Two senior radiation oncologists independently performed a blind clinical evaluation of all AP and MP plans, based on the dose distributions, DVHs for all structures and a summary table reporting the most important parameters. The radiation oncologists rated the plans at first judging the clinical acceptability of each plan (pass or not pass) and secondary expressing their preferences using a clinical judgement based on a three-score scale (AP better than MP, MP better than AP and no preference). Cohen’s kappa coefficient k was calculated to assess the inter-clinicians agreement33, with score defined as excellent (k > 0.81), good (0.61 < k < 0.80), moderate (0.41 < k < 0.60), fair (0.21 < k < 40) and poor (k < 0.20).

Results

Head-neck cancer cases

A summary of H, M and P indexes for MP and AP plans is reported in Table 2. Global PQI scores for MP and AP plans were found to be 0.796 ± 0.059 and 0.722 ± 0.056, respectively. No significant differences were found for the target coverage M index for nodal target volumes (PTV2 and PTV3) but MP plans showed larger hot-spot regions inside the PTV1 providing a worse M value. H index values show a higher capability of AP plans to better conform the doses to target volumes, especially to the prophylactic volumes. Regarding P index values for organs at risk sparing, AP plans provided a major sparing of parotid glands and a reduction of mean dose of 10% (3.7 Gy, p = 0.022). Wilcoxon test also showed that the integral dose delivered to the patient body was significantly lower for AP plans than for the MP plans, with a reduction of 6.6% (p = 0.003). Figure 2 shows the dose distributions comparison for a representative patient.

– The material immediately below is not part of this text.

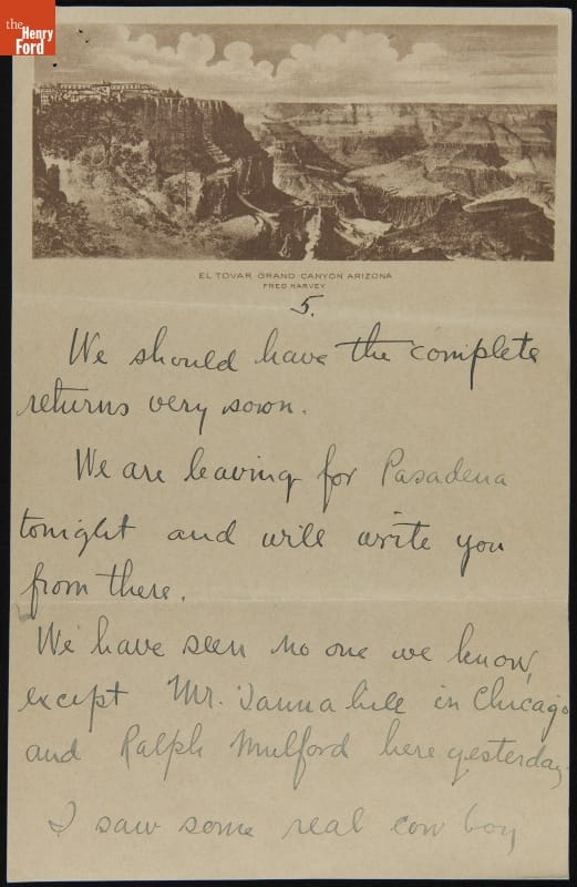 After their wedding on November 1, 1916, Edsel and Eleanor Ford traveled to the West Coast before sailing to Hawaii. Along the way, the couple stopped and visited the Grand Canyon. Edsel penned this brief letter to his parents in which he recounts some of the events during the newlyweds' stay: a blinding snowstorm, Presidential election returns, and "real cow boy life." …
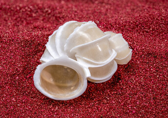 Close-up of seashells and shell fragments scattered on sandy beach. Natural marine background with variety of colors and textures. Perfect for summer, seaside, and nature concepts.

Table 2 Comparison of scoring metrics between manual and automated planning for head-neck tumor cases.
Figure 2
figure 2

Comparison of dose distribution in axial, sagittal and coronal planes for a representative patient. Isodose curves are shown from 30 Gy to 70 Gy in 5 Gy steps. The PTV1, PTV2 and PTV3 target volumes are shown in red, blue and green contours, respectively.

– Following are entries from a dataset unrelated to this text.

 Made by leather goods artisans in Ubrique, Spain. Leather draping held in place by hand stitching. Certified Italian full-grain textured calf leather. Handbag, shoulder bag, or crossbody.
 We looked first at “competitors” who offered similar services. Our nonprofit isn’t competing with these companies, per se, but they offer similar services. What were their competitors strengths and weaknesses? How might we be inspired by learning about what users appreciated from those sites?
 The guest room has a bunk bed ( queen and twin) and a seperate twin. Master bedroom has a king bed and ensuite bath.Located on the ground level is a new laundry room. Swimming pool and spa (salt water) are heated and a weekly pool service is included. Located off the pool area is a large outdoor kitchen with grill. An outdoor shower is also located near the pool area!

High-risk prostate cancer cases

A summary of H, M and P indexes for MP and AP plans is reported in Table 3. Global PQI scores for MP and AP plans were found to be 0.429 ± 0.053 and 0.400 ± 0.0.049, respectively. No significant differences were found for the target coverage M index alone. H conformity index values was significantly better for AP plans (p = 0.003) suggesting an higher capability of dose conformation to the large concave shaped nodal target volume, as shown graphically in Fig. 3 for a representative patient. This ability also translated into a significant reduction of integral dose to non-tumour volumes of 7.2%. Regarding P values for OARs sparing, no significant differences were found for all relevant OARs between the two techniques (p = 0.477).

Table 3 Comparison of scoring metrics between manual and automated planning for high-risk prostate cancer cases.
Figure 3
figure 3

Comparison of dose distribution in axial, sagittal and coronal planes for a representative patient. Isodose curves are shown from 30 Gy to 60 Gy in 5 Gy steps. The PTV1 and PTV2 target volumes are shown in red and blue contours, respectively.

Endometrial cancer cases

A summary of H, M and P indexes for MP and AP plans is reported in Table 4. Global PQI scores for MP and AP plans were found to be 0.532 ± 0.095 and 0.472 ± 0.081, respectively. As for prostate cases, while no significant differences were found for the target coverage M index, H values showed a higher capability of AP plans to better conform the dose distribution to target volumes, especially to the large concave nodal volumes. This capability is highlighted in Fig. 4 showing the dose distribution for a representative patient and it is also evidenced by a significant reduction in the integral dose to non-tumor tissues of 10% (p = 0.010). Regarding P values for OARs sparing, no significant differences were found for all relevant OARs between the two techniques (p = 0.953).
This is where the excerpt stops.